By TED TAYLOR
CENTRAL OREGON DAILY NEWS
Despite calls from the White House for the nation’s schools to fully open this fall, Oregon’s education leader on Wednesday affirmed the ultimate decision on a return to classrooms will be made locally.
Colt Gill said the department is working with school districts to implement and update the Ready Schools, Safe Learners guidelines handed down last month.
The 46-page document provides a checklist for schools, including guidelines on masks, social distancing and sanitization.
“This guidance, developed under the direction of Governor Brown and in collaboration with Oregon Health Authority, provides a framework for schools for the 2020-21 school year that ensures the health and safety of all students and staff and the families they return to each day,” he told Central Oregon Daily News.
“We understand and honor the importance of local voice, leadership and control,” he said. “These individual plans will reflect the distinct strengths and needs of each district and community.”
The reopening of schools took center stage this week after U.S. Education Secretary Betsy DeVos on Tuesday blasted plans by some school districts to offer in-person instruction only a few days a week, saying schools must be “fully operational” this fall.
Later Tuesday, President Trump echoed those remarks saying he would pressure governors to fully reopen schools. On Wednesday the president threatened to withhold federal funding if schools didn’t open.
Oregon schools are busy this summer creating their own blueprints for a safe return to schools.
The Bend-La Pine and Redmond school districts have released preliminary plans that call for a return to the classrooms for elementary students but a hybrid in-class/online experience for middle and high school students.
Both districts have said that option would include staggering attendance for older students.
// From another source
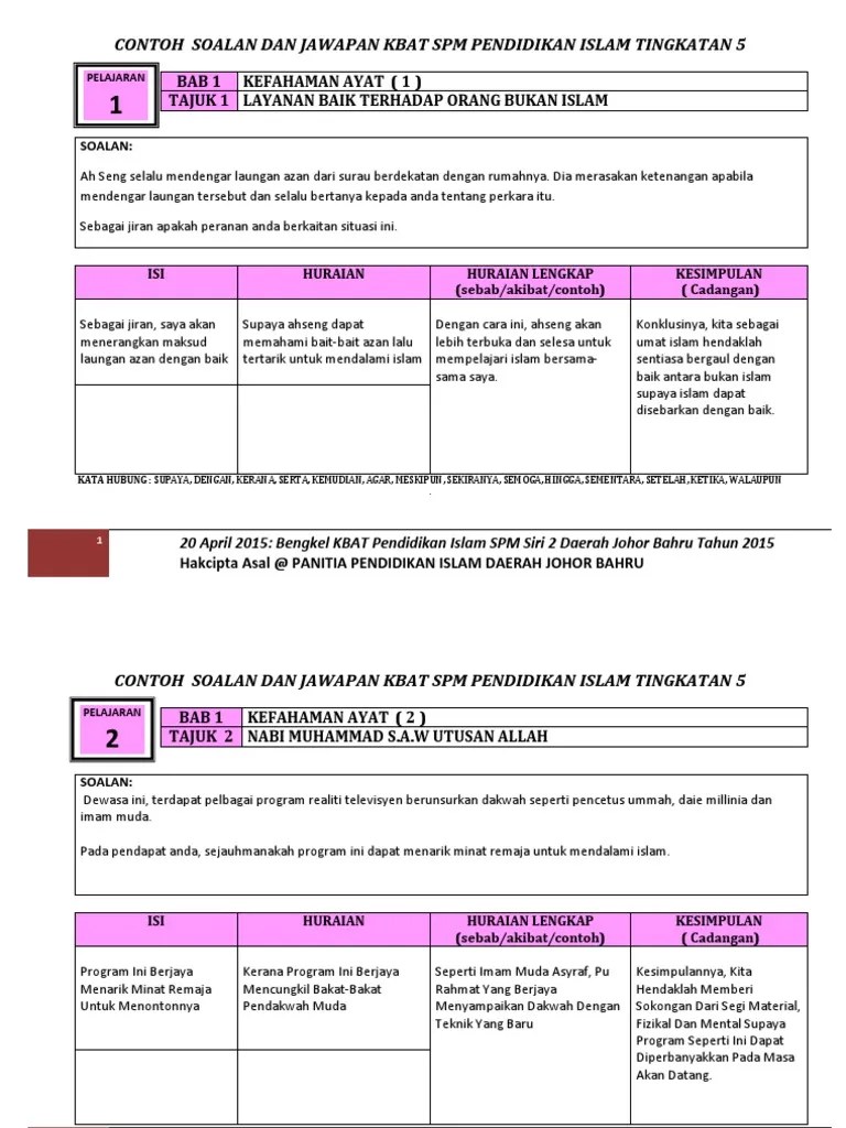 Contoh jawapan kbat pendidikan islam tingkatan 3.

All students have the option for a full online experience if their parents don’t feel comfortable sending them back to the classroom.
Crook County hasn’t released a formal plan yet, but Superintendent Sarah Johnson said the plan is to return to a normal schedule on September 7th.
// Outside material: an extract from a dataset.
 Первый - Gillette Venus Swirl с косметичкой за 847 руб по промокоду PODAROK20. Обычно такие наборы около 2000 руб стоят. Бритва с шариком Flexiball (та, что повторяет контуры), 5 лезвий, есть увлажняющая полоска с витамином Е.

“We understand and honor the importance of local voice, leadership and control. These individual plans will reflect the distinct strengths and needs of each district and community.”
– Colt Gill, Director, Oregon Dept. of Education
The CDC has also issued a call to return to the classroom, recommending students and teachers wear masks whenever feasible, spread out desks, stagger schedules, eat meals in classrooms instead of the cafeteria, and add physical barriers between bathroom sinks.
Many of those requirements are part of the ODE guidelines.
Trump, however, said the guidelines would be “tough and expensive,” an argument local state leaders have made about Oregon’s plan.
Bend Rep. Cheri Helt, a 10-year member of the Bend-La Pine school board, said in June she believed the guidelines were too excessive and hoped for a full return to class.
But on Wednesday, the Republican told Central Oregon Daily News “one-size-fits-all policies and threats from the Trump Administration about how to safely educate our kids are not welcomed or needed here.”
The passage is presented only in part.